Work order - The first line of the entries and each line after it, through the one that contains "4、游戏中有Accuracy", are to be duplicated exactly; no picture belongs in the copy.

Material shown -
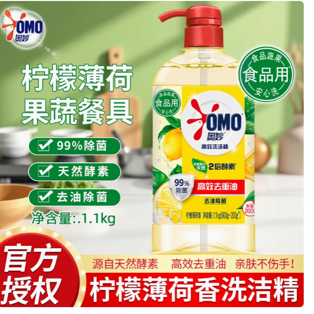 OMO オモ 高効率食器用洗剤 レモン 重油汚れを落とす フレグランスミント 果物と野菜の食器用洗剤 1.1kg
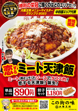 メニューマイスターグランプリとは、全国の大阪王将のスタッフがテーマに合わせてメニューを考案し、審査販売期間中にお客様から最も多くの支持を得たメニューだけが全国販売されるというグランプリ。コロナ禍により開催を見送ってまいりましたが、今年4年ぶりに開催いたします。2023年のテーマは、10月18日を「天津飯の日」として記念日制定されたことを記念して、“天津飯”に。メニューマイスターグランプリ2023は、全国5つの各エリアで勝ち残った逸品による、大阪王将の看板メニューの一つである『ふわとろ天津飯』の新たなメニュー誕生をかけた挑戦。あなたの一票で決まる新『ふわとろ天津飯』。気になるメニューをぜひ応援ください。
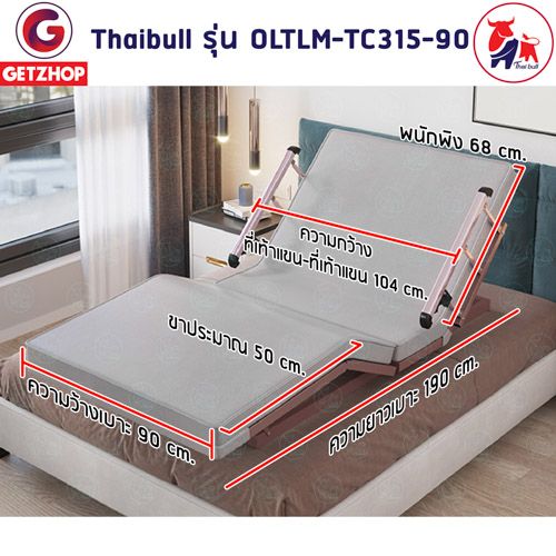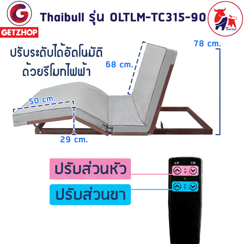 Thaibull เตียงไฟฟ้า เตียงพร้อมรีโมท เตียงปรับไฟฟ้า เตียงเสริม (ปรับบน-ล่าง) OLTLM-TC315-90 (PU Technology cloth)
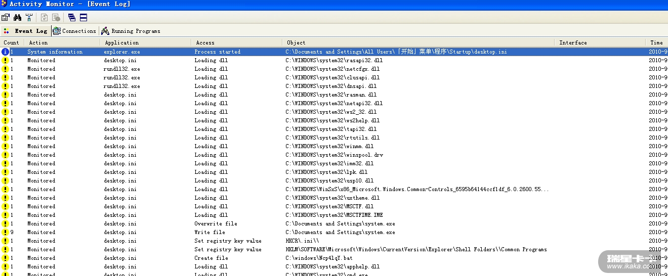 3、系统每次启动,此毒在C:\windows\目录下释放一个随机名的.bat,并即刻执行。执行后,删除此.bat。此.bat的功能是重写病毒文件c:\Documents and Settings\system.exe和c:\Documents and Settings\All Users\「开始」菜单\程序\Startup\desktop.ini;重写注册表HKCR\.ini 的键值。
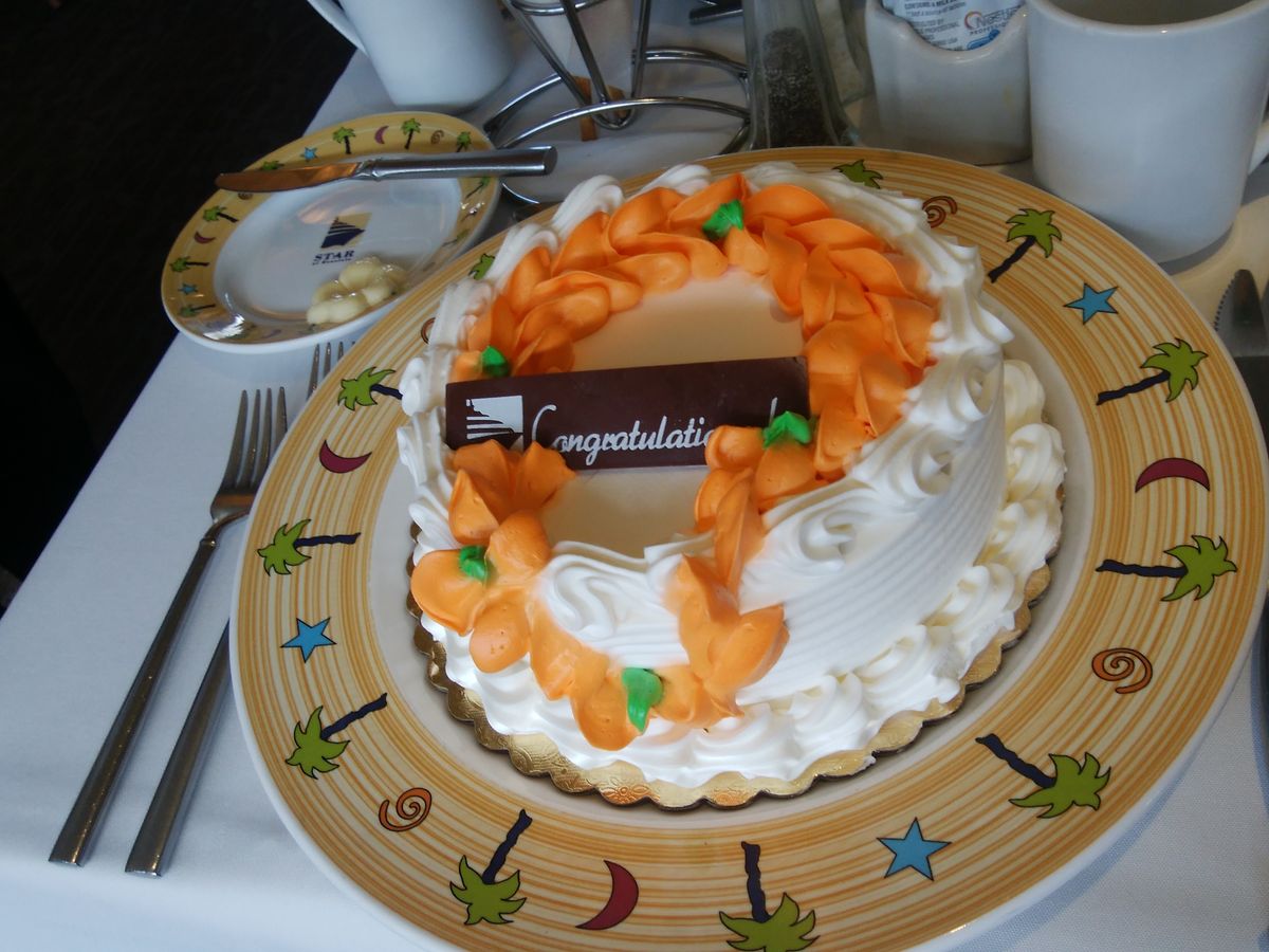 ハワイで挙式を上げる息子夫婦を招待してクルーズに参加したので、通常のロブスターとステーキに加えて、お祝いのケーキも追加となったが、満腹で食べ切れるまでには至らなかった。くくテーブルに付いたシャンパンボトルを飲みすぎたのも一因かも。上甲板から金曜夜の花火を堪能した後、帰港までにクルーが参加者を誘うダンスは盛り上がった。
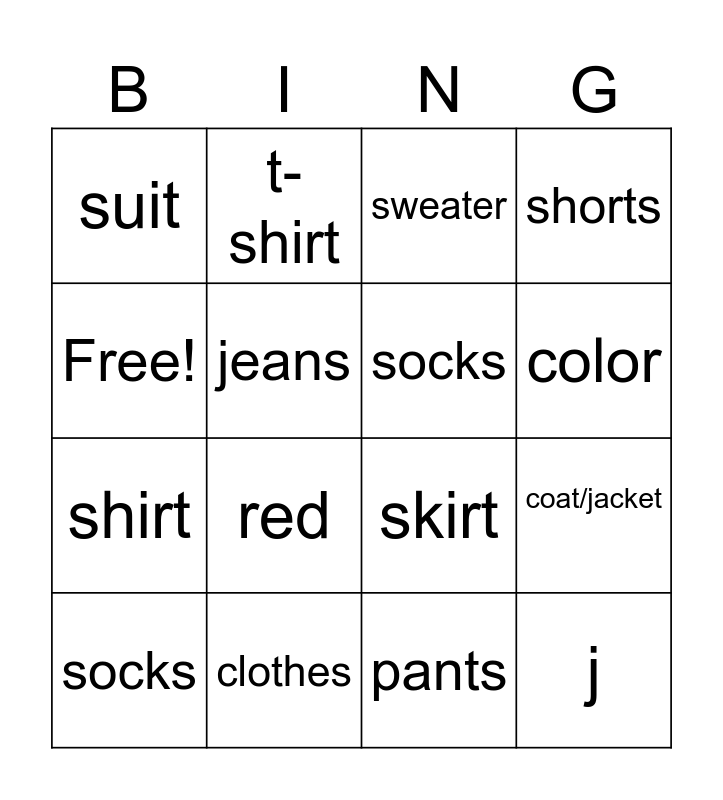 This bingo card has 16 words: clothes, coat/jacket, sweater, suit, shirt, t-shirt, skirt, pants, Free!, jeans, socks, shorts, red, color, socks and j.
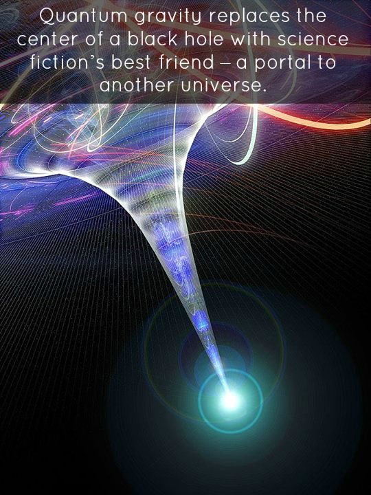 Instead of a singularity, quantum gravity replaces the center of a black hole with science-fiction’s best friend – a portal to another universe. How many times have we seen our hero (or the villain) fall into a black hole and avoid a crushing death by being transported to another universe? That might not be so far from the truth. Disregarding the fact that our favorite sci-fi movies get a boost of scientific accuracy, such a model immediately helps physicists resolve the black hole information paradox.
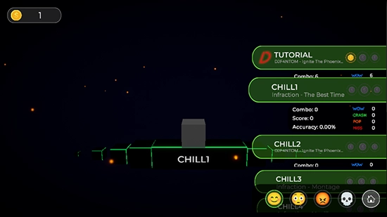 4、游戏中有Accuracy(准确率)、Combo(连击)等评价指标,反映玩家的游戏表现。
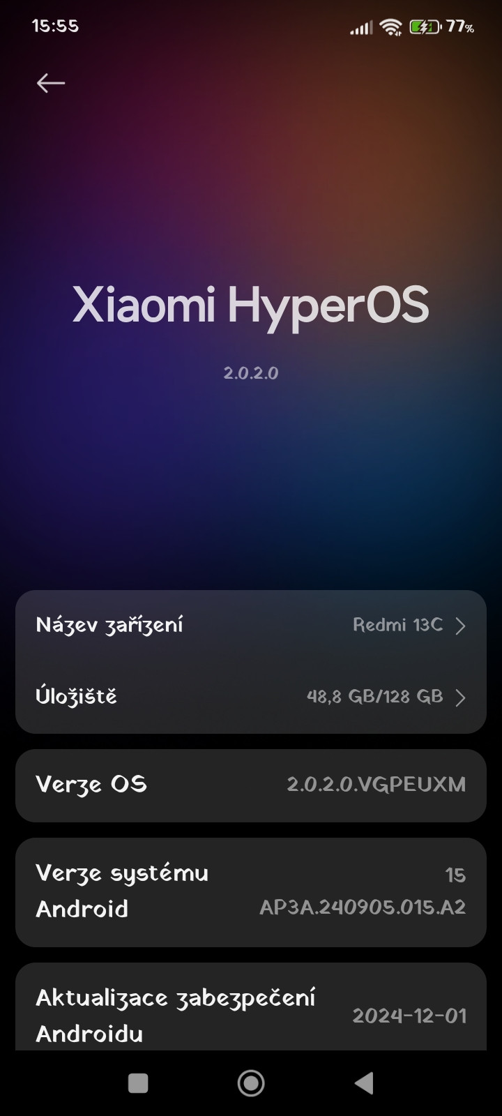 Xiaomi redmi 13c aktualizace hyperos2. Android 15. „Oblast Švédsko“. Pro jistotu jsem restartoval. Nastavení > systém > aktualizovat…
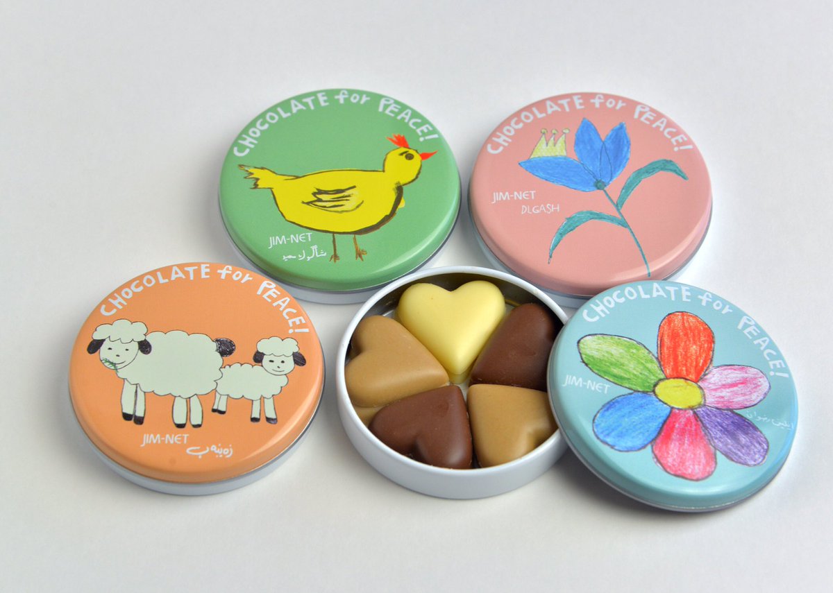 かわいくて美味しい、イラク・シリア・福島の子供達の支援になるチョコです🎁1口2200円ご寄付いただいた方へ4缶セットでお届けしています。
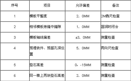 2.模板支撐尺寸誤差±3.0MM,模板中心誤差±10MM,截面尺寸準(zhǔn)確無(wú)誤。
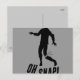 A zombie with his left leg snapping off at the knee while trying to take a step. Below the zombie is the phrase "Oh Snap!" The background colour can be changed when "customising" this product. When customising click on the word "edit" then click on "background" then choose colour.
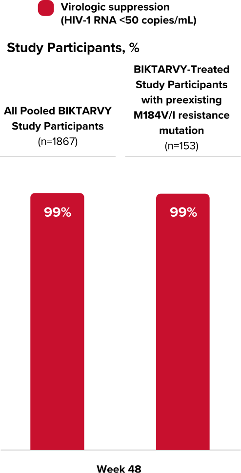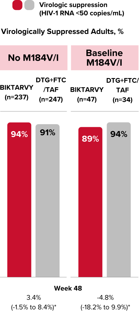 *Based on study participants with available baseline PR/RT genotype who switched to BIKTARVY at baseline or after 24 or 48 weeks (n=182/1825).
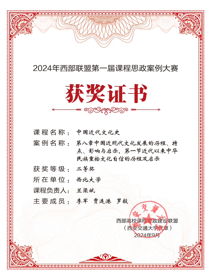 近日,由西部高校课程思政建设联盟主办,西安交通大学承办的西部联盟第一届课程思政案例大赛圆满落幕。此次大赛有来自陕西、甘肃、河南、宁夏、青海、新疆、江苏、吉林、湖北等地区高校的552位教师参加。经过专家综合评审,我院兰梁斌教授主持申报的“中国近代文化史•近代以来中华民族重拾文化自信的历程及启示”课程教学案例荣获二等奖。该案例以习近平新时代中国特色社会主义思想为指导,将思想政治元素融入课程教学之中,体现了课程思政建设的创新性。
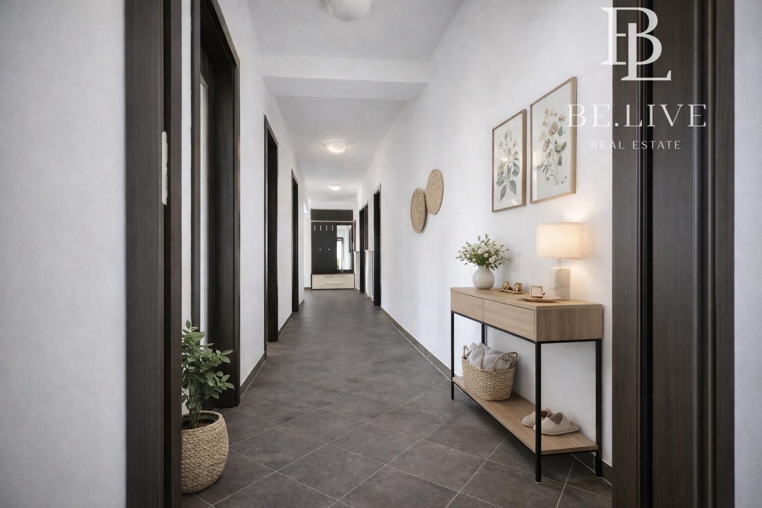 Priestranné a svetlé izby a výborne dispozičné riešenie s oddelenou dennou a nočnou časťou.
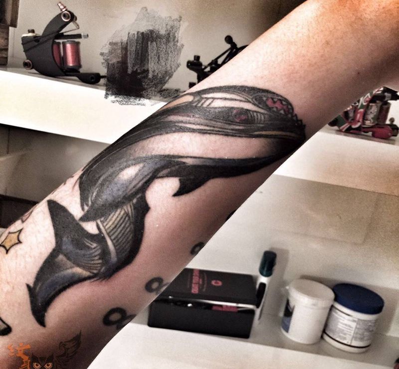 当前位置: 首页 >四川省成都市纹身店-Raye Tattoo纹身图案>New School鲨鱼纹身图片_成品手臂欧美动物纹身图案
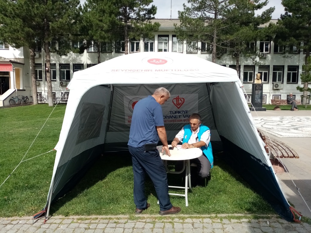 2022 yılında Diyanet İşleri Başkanlığımız ve Türkiye Diyanet Vakfımız işbirliğiyle Vekaletle Kurban Kesim Organizasyonunu tanıtmak ve bağış yapmak isteyen vatandaşlarımıza yardımcı olmak amacıyla Türkiye Diyanet Vakfı Seydişehir Şubemiz tarafından Hükümet Konağı önünde Vekaletle Kurban Kesimi tanıtım ve bağış kabul çadırı kuruldu.
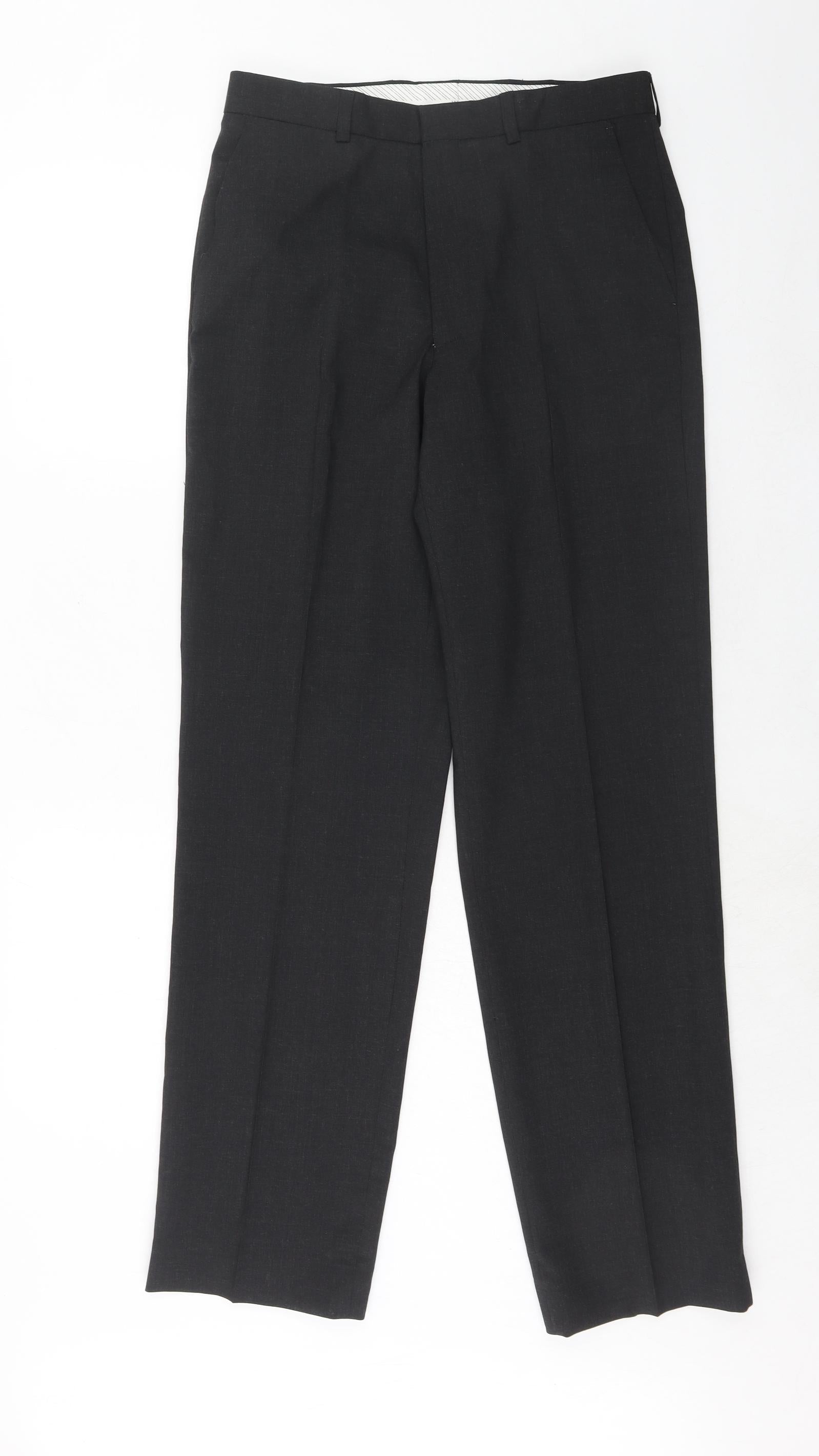 Marks and Spencer Mens Grey Polyester Dress Pants Trousers Size 30 in L33 in Regular Hook & Eye

Solution to this problem -
 OMO オモ 高効率食器用洗剤 レモン 重油汚れを落とす フレグランスミント 果物と野菜の食器用洗剤 1.1kg
 メニューマイスターグランプリとは、全国の大阪王将のスタッフがテーマに合わせてメニューを考案し、審査販売期間中にお客様から最も多くの支持を得たメニューだけが全国販売されるというグランプリ。コロナ禍により開催を見送ってまいりましたが、今年4年ぶりに開催いたします。2023年のテーマは、10月18日を「天津飯の日」として記念日制定されたことを記念して、“天津飯”に。メニューマイスターグランプリ2023は、全国5つの各エリアで勝ち残った逸品による、大阪王将の看板メニューの一つである『ふわとろ天津飯』の新たなメニュー誕生をかけた挑戦。あなたの一票で決まる新『ふわとろ天津飯』。気になるメニューをぜひ応援ください。
 Thaibull เตียงไฟฟ้า เตียงพร้อมรีโมท เตียงปรับไฟฟ้า เตียงเสริม (ปรับบน-ล่าง) OLTLM-TC315-90 (PU Technology cloth)
 3、系统每次启动,此毒在C:\windows\目录下释放一个随机名的.bat,并即刻执行。执行后,删除此.bat。此.bat的功能是重写病毒文件c:\Documents and Settings\system.exe和c:\Documents and Settings\All Users\「开始」菜单\程序\Startup\desktop.ini;重写注册表HKCR\.ini 的键值。
 ハワイで挙式を上げる息子夫婦を招待してクルーズに参加したので、通常のロブスターとステーキに加えて、お祝いのケーキも追加となったが、満腹で食べ切れるまでには至らなかった。くくテーブルに付いたシャンパンボトルを飲みすぎたのも一因かも。上甲板から金曜夜の花火を堪能した後、帰港までにクルーが参加者を誘うダンスは盛り上がった。
 This bingo card has 16 words: clothes, coat/jacket, sweater, suit, shirt, t-shirt, skirt, pants, Free!, jeans, socks, shorts, red, color, socks and j.
 Instead of a singularity, quantum gravity replaces the center of a black hole with science-fiction’s best friend – a portal to another universe. How many times have we seen our hero (or the villain) fall into a black hole and avoid a crushing death by being transported to another universe? That might not be so far from the truth. Disregarding the fact that our favorite sci-fi movies get a boost of scientific accuracy, such a model immediately helps physicists resolve the black hole information paradox.
 4、游戏中有Accuracy(准确率)、Combo(连击)等评价指标,反映玩家的游戏表现。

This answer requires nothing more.